After all, it had the nerve to begin: "People of Earth ... markets are conversations."

"The Cluetrain Manifesto" asserted that audiences are rising up to take control of media messages, and if top-down big media controllers didn't get on the "cluetrain," audiences will simply move on without them.

That seemingly innocent shift belies a power struggle.

Gillmor is an experienced journalist/columnist/blogger with the San Jose Mercury News. He's writing in cyber culture and in print, but in a more serious tone.

The main point of "We the Media" is similar: Journalism is a conversation in this era of the citizen journalist working in dialogue with other citizen journalists.

Gillmor touts the blog movement as a primary sign of this new participatory journalism, but he notes that blogs are only one visible sign of something much larger.

Traditional journalism generates content, but it also acts as a gatekeeper, selecting which stories are blessed and visible, and which are cursed to invisibility.

With participatory journalism, readers act as editors/explorers of the news landscape. They also can become producers, adding story content and becoming part of the larger conversation. True dialogue has the power to shape that conversation, possibly to frame issues differently than professional journalists would.

In 1996, I wrote a magazine essay about the new role of reader as active explorer and dialogue agent. I thought it would lead to more critical questioning and critical thinking.

My idea was: "Why not get to know a subject the way a kid gets to know the woods?"

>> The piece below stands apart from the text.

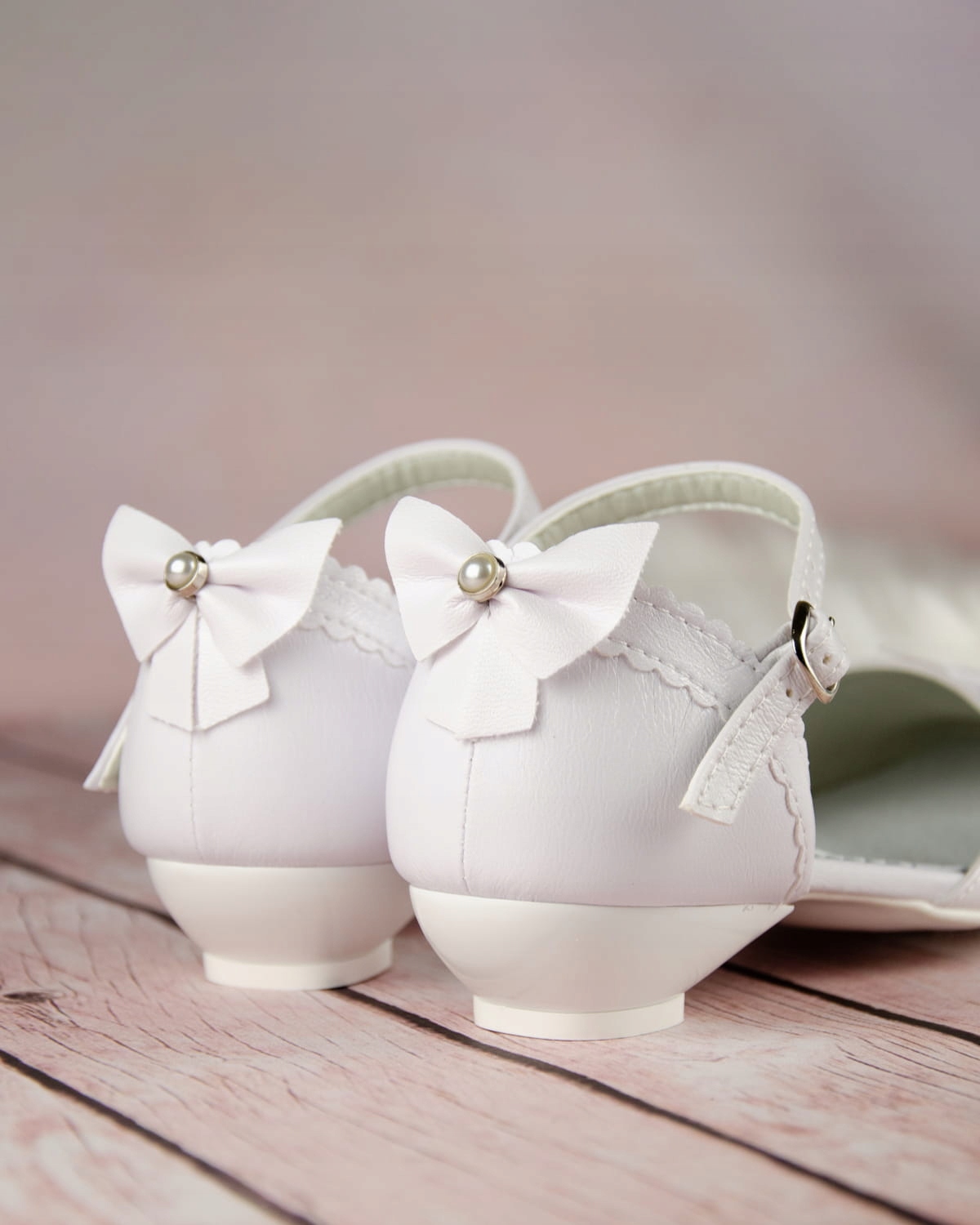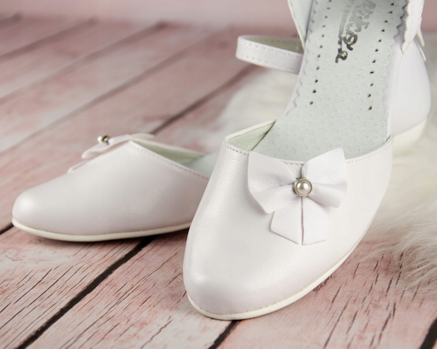 Елегантні білі туфлі для причастя для дівчинки. Дизайн із застібкою та регульованим ремінцем. Взуття має гарну форму, що робить його дуже зручним. Модель на ніжному каблуці висотою 2,5 см білого кольору. Його чарівність підсилюють бантики, прикрашені перлами, які розташовані на передній частині верху і додатково на п'яті. Дуже дівчача модель, яка пасуватиме до більшості суконь та альбомів. Зовнішня частина взуття виготовлена з екологічної шкіри, а каблук і устілка - з натуральної шкіри.

It is a mythic ideal of how kids explore a common "woods," playing hide-and-seek, building forts, damming creeks and avoiding the mean dog behind that one house in the neighborhood. It is active, unlike the more passive experience of reading a newspaper or watching TV.

Consider instead the media landscape preferred by public relations people, political handlers and message "spin doctors." We're in the middle of two well-funded presidential campaigns right now. Given the carefully crafted messages and repetition put out by the campaigns, it would seem that political handlers assume audiences are empty cups, waiting to be filled up with their "talking points."

What happens when the audience talks back? The Howard Dean campaign was the first to harness that powerful blog energy as well as other online tools such as "Meetups." Campaigns at all levels have discovered how much more quickly small campaign contributions add up when collected online.

Gillmor could be anticipating the power of citizen journalists, rather than noting their arrival. I believe we are still deep in the power struggle between top-down message control and interactive reader/journalists getting to know their political candidates the way kids get to know the backwoods.

I'm still not sure which side is winning.